35.4 For the purposes of determining whether a person, company or charity is connected with an employer for the purposes of CJRS-

(a) whether a person is connected with an employer must be determined in accordance with section 993 of the Income Tax Act 2007;

(b) without prejudice to paragraphs 35.4(a) and 35.4(c), whether a company is connected with an employer (where the employer is a company) must be determined in accordance with section 1122 of CTA;

(c) without prejudice to paragraphs 35.4(a) and 35.4(b), whether a charity is connected with an employer (where the employer is a charity) must be determined in accordance with section 5 of SCDA construed as if-

(i) references to a tax year in that section were omitted, and

(ii) subsection (7) of that section were omitted.

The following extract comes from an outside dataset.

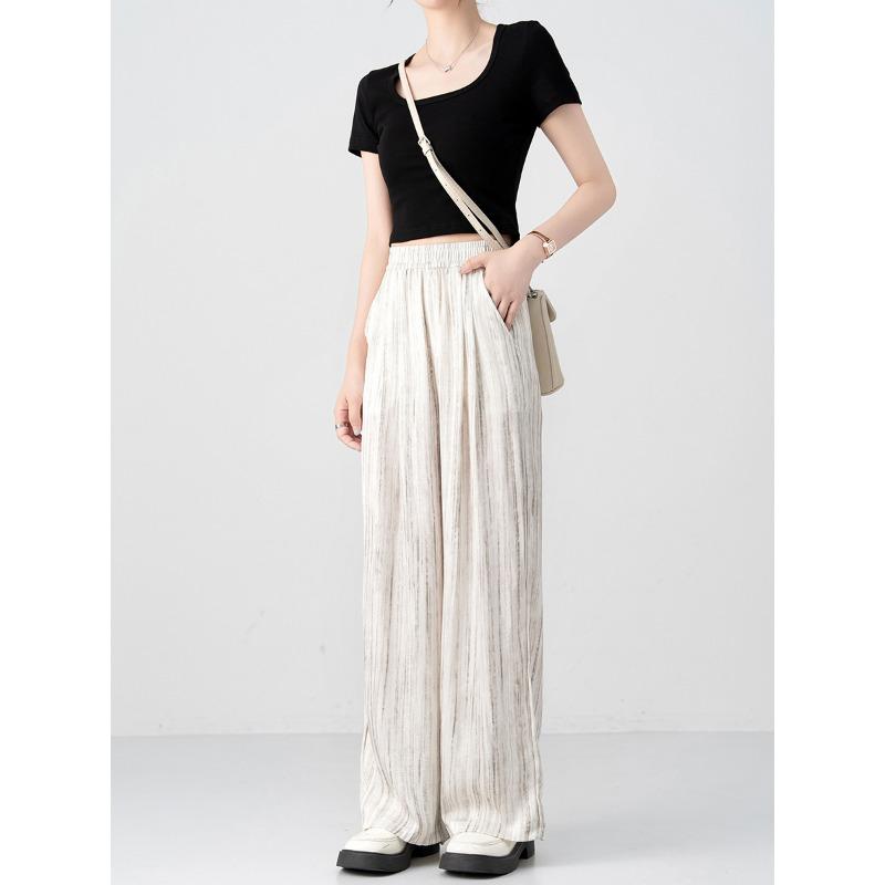 Летние брюки-палаццо из сатина Yamamoto, драпирующиеся, холодные, с высокой талией, тонкие, свободные, повседневные, прямые, спортивные, грязные брюки женские

Other directions under section 76 of the Coronavirus Act 2020

36.1 HMRC must take account of any amendment made to CJRS by any other direction under section 76 of the Coronavirus Act 2020.

36.2 Entitlement to a payment under CJRS is without prejudice to any entitlement to a payment under any similar scheme arising from a direction under section 76 of the Coronavirus Act 2020.

Part 2 - Withdrawal of the Coronavirus Job Retention Scheme (Job Retention) Bonus

37) The CJRS(JR)B established by part 2 of the Schedule to the CJRS(JR)B direction is withdrawn, accordingly-

(a) no claim under part 2 of the Schedule to the CJRS(JR)B direction may be made, and

(b) HMRC must not make any payment in accordance with part 2 of the Schedule to the CJRS(JR)B direction.